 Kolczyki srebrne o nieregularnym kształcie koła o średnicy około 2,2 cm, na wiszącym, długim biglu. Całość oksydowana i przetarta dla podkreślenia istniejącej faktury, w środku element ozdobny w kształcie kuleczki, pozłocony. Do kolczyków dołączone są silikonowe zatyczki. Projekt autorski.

--

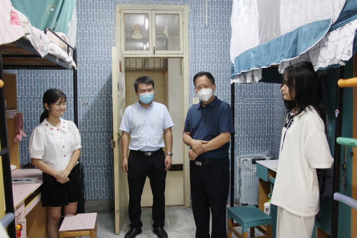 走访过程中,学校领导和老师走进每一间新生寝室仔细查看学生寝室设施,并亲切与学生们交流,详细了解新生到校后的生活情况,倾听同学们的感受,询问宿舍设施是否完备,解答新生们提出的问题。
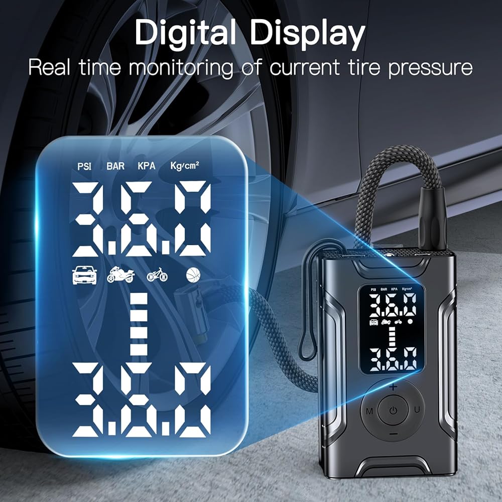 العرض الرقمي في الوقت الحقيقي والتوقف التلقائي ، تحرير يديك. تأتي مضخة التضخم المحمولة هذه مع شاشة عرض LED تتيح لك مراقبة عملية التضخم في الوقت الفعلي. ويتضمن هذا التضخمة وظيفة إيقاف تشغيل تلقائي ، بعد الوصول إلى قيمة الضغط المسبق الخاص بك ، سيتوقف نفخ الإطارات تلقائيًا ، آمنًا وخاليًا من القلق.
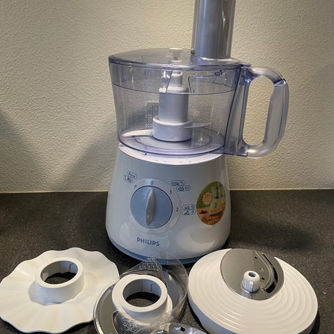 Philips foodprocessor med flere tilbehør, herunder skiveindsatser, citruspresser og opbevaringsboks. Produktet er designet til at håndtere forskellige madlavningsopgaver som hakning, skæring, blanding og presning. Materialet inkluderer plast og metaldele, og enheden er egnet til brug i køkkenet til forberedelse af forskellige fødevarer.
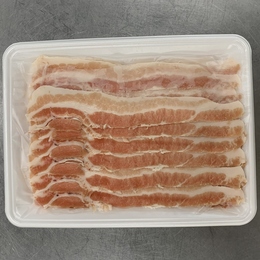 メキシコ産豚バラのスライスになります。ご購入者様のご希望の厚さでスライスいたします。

## TASK STATEMENT
Transcribe, word for word, the stretch of lines in the data above from the one with "Philips foodprocessor med" through the one with "メキシコ産豚バラのスライスに"; omit all pictures.

## RESPONSE
 Philips foodprocessor med flere tilbehør, herunder skiveindsatser, citruspresser og opbevaringsboks. Produktet er designet til at håndtere forskellige madlavningsopgaver som hakning, skæring, blanding og presning. Materialet inkluderer plast og metaldele, og enheden er egnet til brug i køkkenet til forberedelse af forskellige fødevarer.
 メキシコ産豚バラのスライスになります。ご購入者様のご希望の厚さでスライスいたします。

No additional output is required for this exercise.